Вдруг она схватилась за голову: через полтора часа должно начаться венчание, а ни жених, ни невеста все еще не приехали! Как это она могла об этом забыть! Бегом вернувшись в гостиную, она в полной растерянности открыла окно и выглянула из эркера на улицу, словно могла взглядом заставить обоих появиться, но толпа людей, выходивших из трамвая, спокойно рассеялась; она побежала назад и чуть не столкнулась с Гансом, одетым, как всегда, безупречно, он как раз собирался войти в комнату.

– Боже мой, – вырвалось у нее, – я думаю, нам придется отменить венчание, ведь их все еще нет!
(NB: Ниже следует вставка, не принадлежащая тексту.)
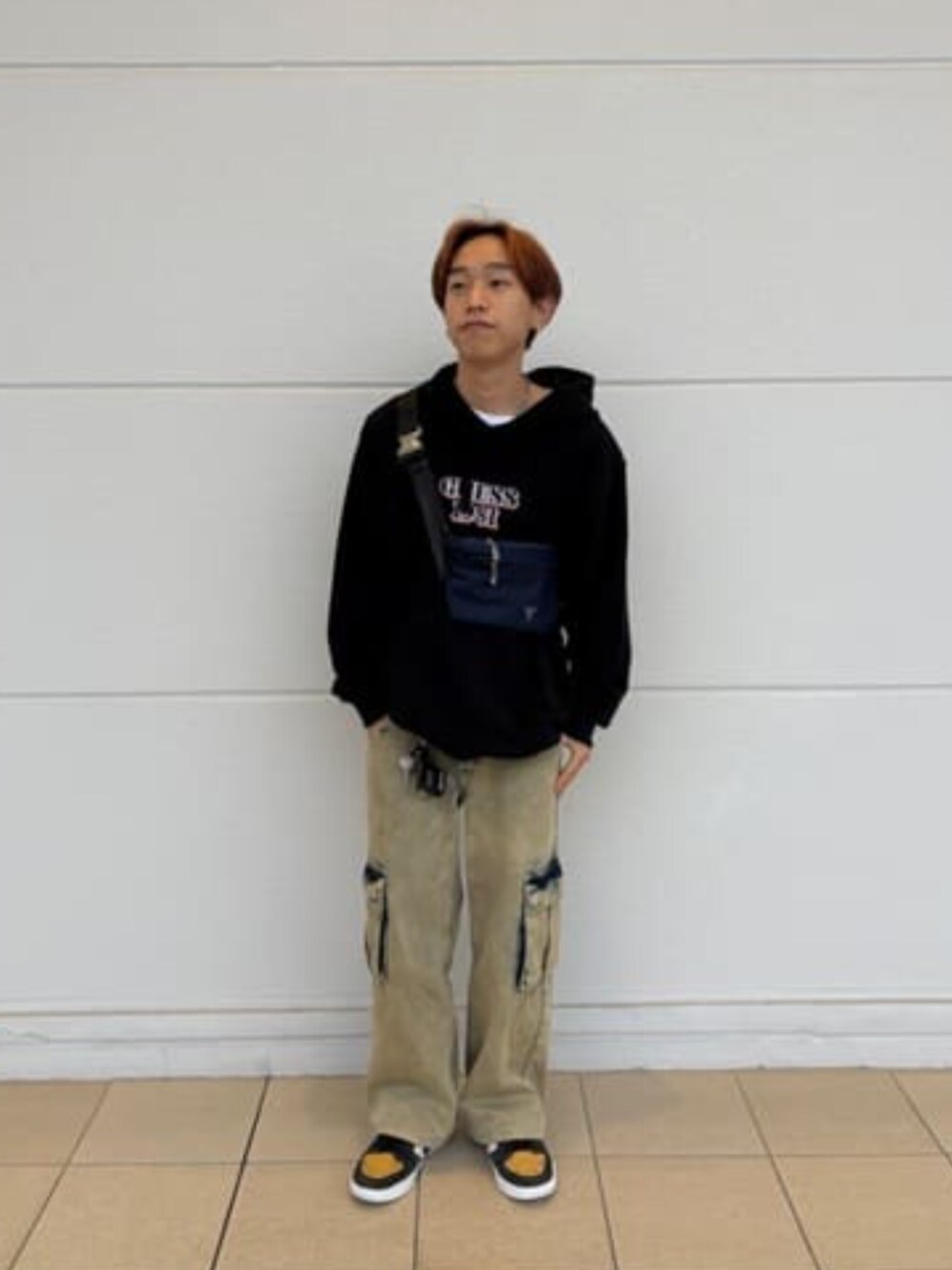 ストリートカジュアル😊 黒のトップスで Alineシルエットを強調させ綺麗なスタイリングに仕上げました😍 フーディーは着丈は長くないですが少し大きめなので着やすいのが特徴です!! カーゴデニムはヴィンテージカラーでおすすめアイテム✨️ これからの季節布の量が増えていくので調節しやすいウエストバッグが大活躍!!
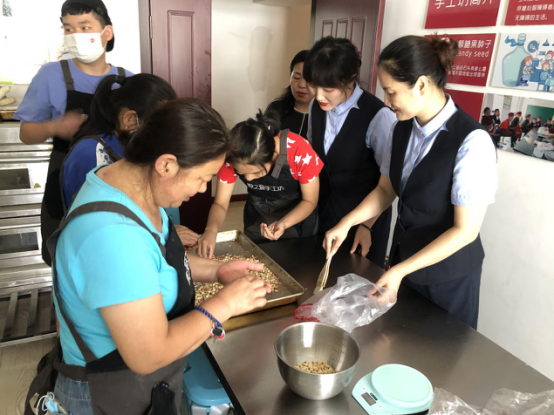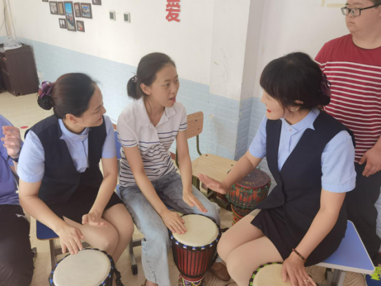 节日当天,兴隆台支行前往原之爱心智障碍儿童家长互助中心,为特教教师们送去温暖和节日的祝福,并与心智障碍儿童一起为老师表演手鼓,一起为老师制作月饼,让特教教师们感受到节日的快乐。
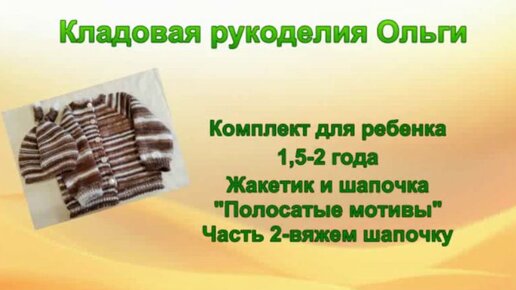 Вязание спицами. Комплект для ребенка 1,5-2 года. Жакетик и шапочка. 2 часть- шапочка
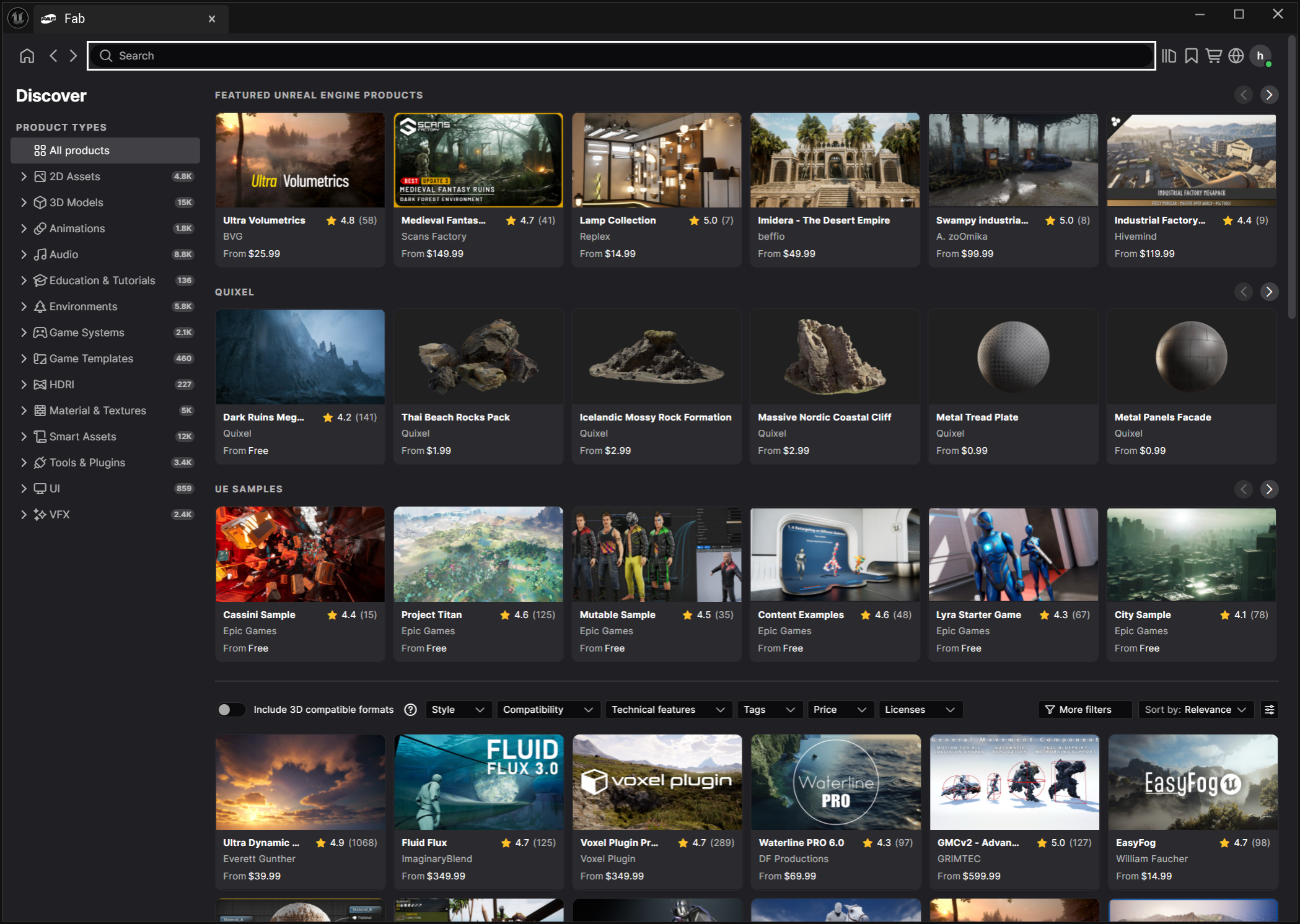 10)Fab 플러그인을 열기하며 Fab에서 이용가능한 모든 에셋을 표시합니다.
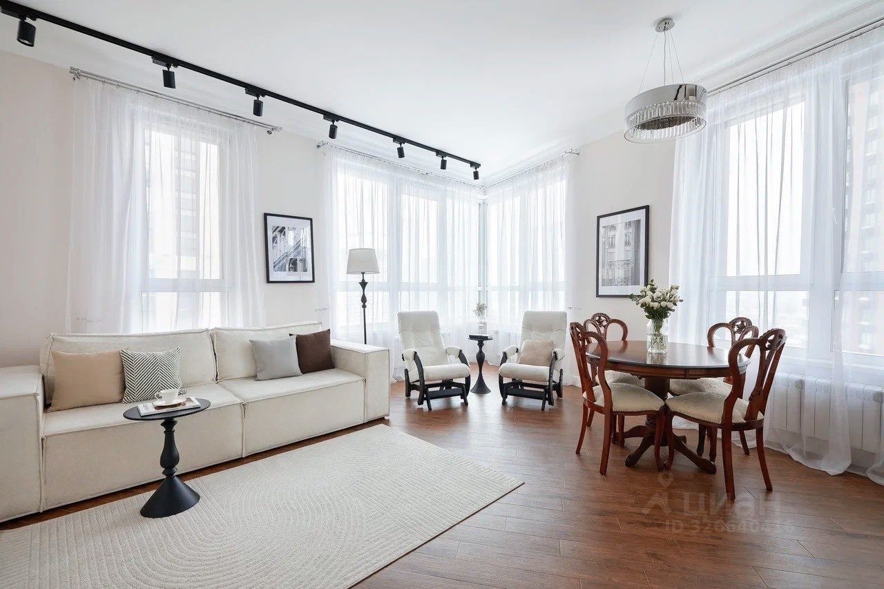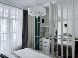 Из панорамных окон открывается прекрасный вид на благоустроенную парковую территорию комплекса. В квартире выполнен современный дизайнерский ремонт с использованием премиальных европейских материалов.
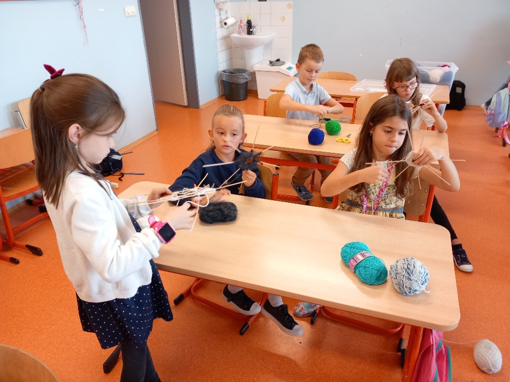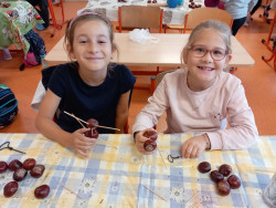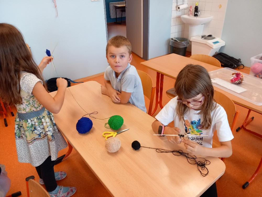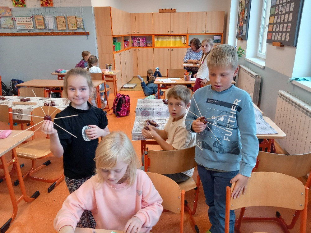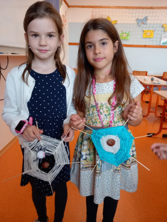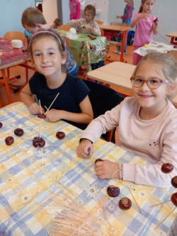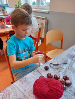 Z nasbíraných kaštanů tvoříme krásné pavučiny. Učíme se bezpečně pracovat s vrtáčky. Vlnu trpělivě namotáváme na špejle. Někteří z nás si udělali i pár zvířátek. Práce nás moc baví, a tak v ní pokračujeme i další týden.
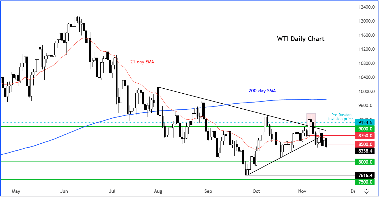 中国市场方面,如果实施新的新冠限制措施将挫伤市场需求,油价未来几周可能进一步下跌。WTI面临跌至80美元的风险,特别是目前价格已跌破三角形态向下延伸:
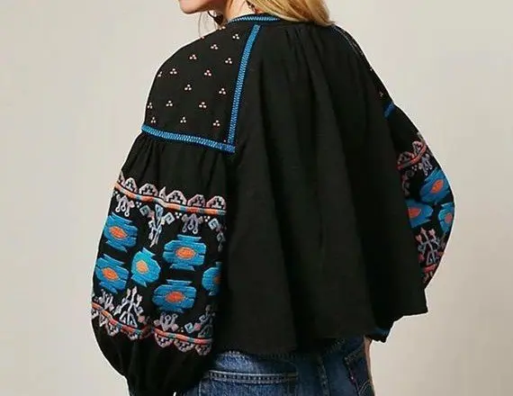 Boho embroidered wide sleeve blouse in black and blue
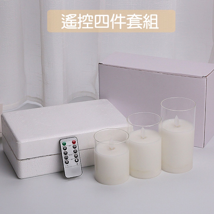 【開發票】LED遙控玻璃蠟燭四件套組 儀式感 交換禮物 搖控蠟燭燈 搖擺燈芯 假蠟燭 仿真蠟燭 求婚 聖誕節 跨年
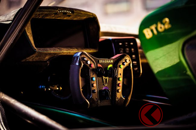 ブラバムBT62は、FIAのGT3基準で開発されたレーシングモデルだ。カーボンを多用した乾燥重量972kgという軽量ボディに、700ps・667Nmを発生するブラバム製4リッターV8自然吸気エンジンをミッドシップに搭載。シングルクラッチの6速セミATに組み合わせる。
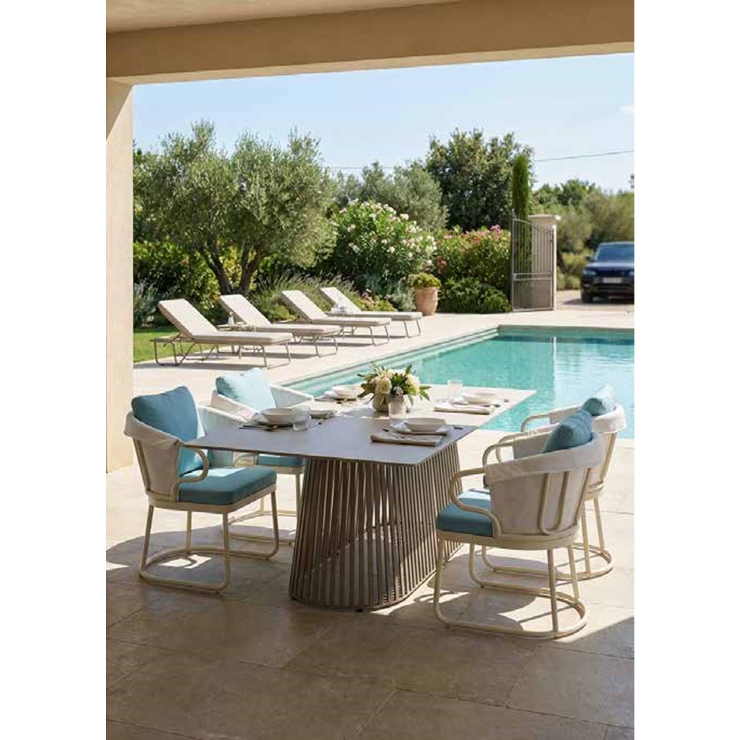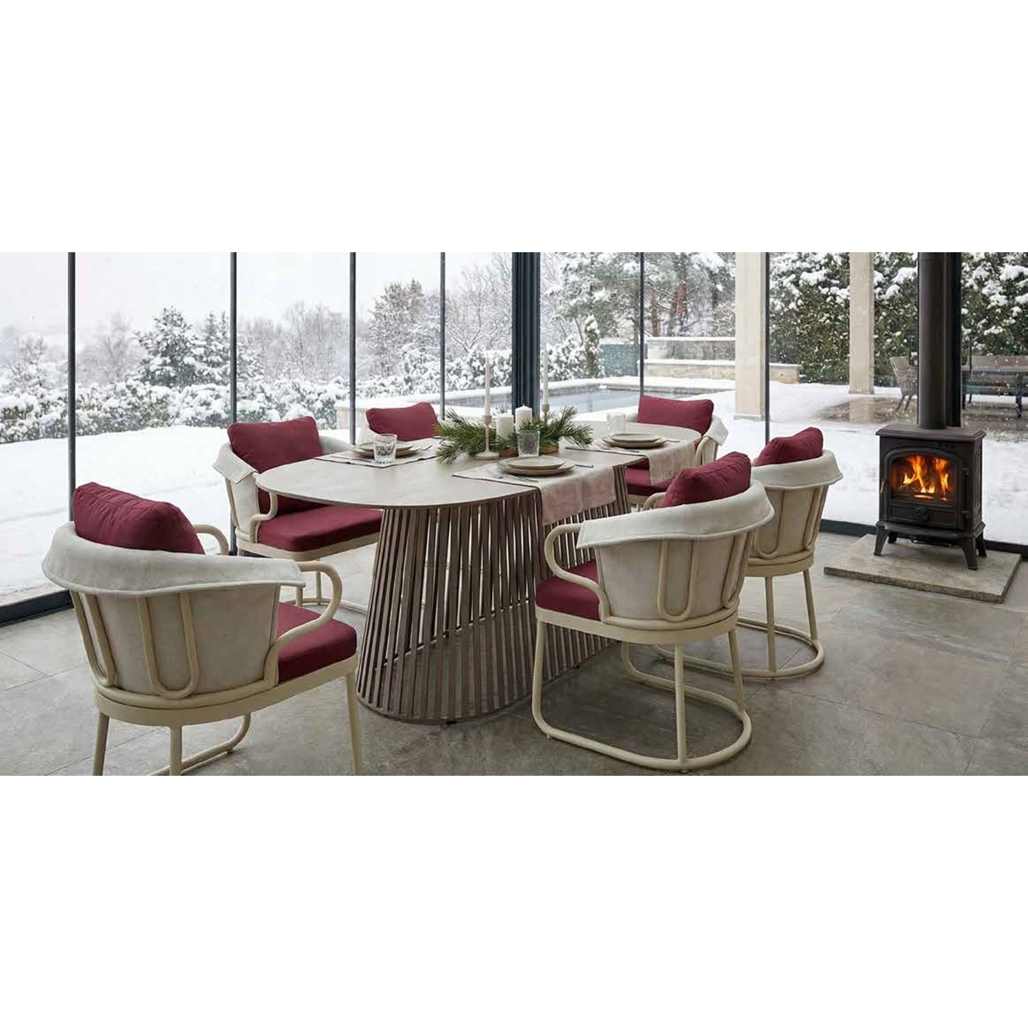 İşletme Dostu Dayanıklılık: Renazzo Mobilya güvencesiyle kullanılan su itici, leke tutmaz ve UV dirençli dış mekan kumaşları, yoğun ticari kullanımda bile ilk günkü formunu korur.
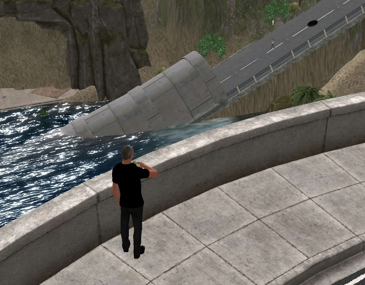 Welp, there she goes again, thinks Newt, sipping on a recently procured nice cool lemonade drink courtesy of a boy named Bart. Back into the tunnel. Guess I better get back to the home base myself, start working on that skybox and maybe the rezzing of that larger version of Howl’s Moving Castle I have in my inventory. Must not forget the Yellow Guy. Or the Red Man or the Green Dude or the Blue Boy for that matter. “Frank’s Moving Mountain” which is kind of the same as “Howl’s Moving Castle” is a way to keep moving forward on that subject.

– Прок… Ты права, я об этом как-то не подумал, – испуганно отозвался он. – Подтолкнув ее обратно в комнату, он сказал, кусая губы: – Надеюсь, Кристофа все же не задержали в последний момент. Мама, ведь сегодня в четыре утра началась война. – И вдруг засмеялся язвительным смехом и топнул ногой. Мать удивленно взглянула на него.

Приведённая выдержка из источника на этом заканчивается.